The DOJ’s request came after Judge Amit P. Mehta of the U.S. District Court for the District of Columbia ruled last year that Alphabet (GOOG) (GOOGL) illegally operated a monopoly in online search through payments to web browsers and smartphone makers to feature Google’s search engine.
“Google’s illegal conduct has created an economic goliath, one that wreaks havoc over the marketplace to ensure that — no matter what occurs — Google always wins,” the government said in its filing. “The American people thus are forced to accept the unbridled demands and shifting, ideological preferences of an economic leviathan in return for a search engine the public may enjoy.”
However, the DOJ dropped its request that Google be forced to sell off its stakes in AI companies, including Anthropic to promote online search competition.
“DOJ’s sweeping proposals continue to go miles beyond the Court’s decision, and would harm America’s consumers, economy and national security,” Google told Seeking Alpha.
And Meta Platforms (META) is working to advance the voice-controlled capabilities of its new, open-source, large language model Llama 4, as it expects conversational AI agents will supplant text-driven agents.
The Financial Times says Llama 4 is expected to be released in the next few weeks.

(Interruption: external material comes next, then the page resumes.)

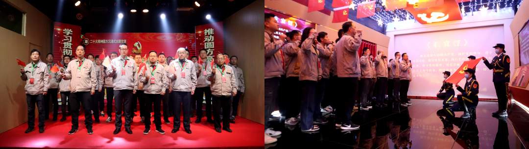 在工作人員的講解下,大家認(rèn)真聆聽圓方集團(tuán)“六課教育”、“四五”創(chuàng)新工作模式、“五新”非公黨建工作方法,以及其他非公黨建新體系、新機(jī)制,深刻領(lǐng)悟到“黨組織就是靠山”、“黨建也是生產(chǎn)力”。在二十大精神沉浸式主題展館,大家走進(jìn)長廊廳,通過欣賞舞蹈、唱紅歌、誦讀二十大精神、現(xiàn)場答題、重溫入黨誓詞等互動(dòng)環(huán)節(jié),感受到一堂“網(wǎng)紅薛書記”帶來的生動(dòng)黨課。

The Ray-Ban Metas are already utilizing this type of technology.
Chief Product Officer Chris Cox said: “So (what) we have now, we believe, is the best AI device on the market, which is the Ray-Ban Meta. They allow you to talk to them. You can ask questions about the world in front of you.”
For income investors, Allstate (ALL) goes ex-dividend on Monday, with a payout date of April 1.
HP (HPQ) and Nvidia (NVDA) go ex-dividend on Wednesday. HP pays out on March 12 and Nvidia pays out on April 2.
Home Depot (HD) goes ex-dividend on Thursday and pays out on March 13.
And in the Wall Street Research corner, Piper Sandler is out with actionable stock recommendations amid a bearish tilt to the market over concerns of economic growth, tariffs and other policies.
Craig Johnson, chief market technician, noted that his proprietary breadth indicators are in Sell positions.
“Our M.A.C.E. trend work (moving average cycle evaluation) reveals that more stocks are in downtrends than uptrends,” he said.
But added he suspects “markets will find some footing as the S&P 500 (SP500) tests its 200-day moving average and the Russell 2000 (IWM) tests its 50% retracement from its October 2022 low. A period of stabilization, reassessment, and rotation is likely at current levels.”
Among the actionable picks are:
JD.com (JD) approaching the top of a bullish “cup and handle” formation. “Add to positions on a breakout above resistance near $48.”
And Warner Bros Discovery (WBD), approaching the neck of an “inverted head and shoulders” formation. “Add to positions on a breakout above the neckline near $12.70.”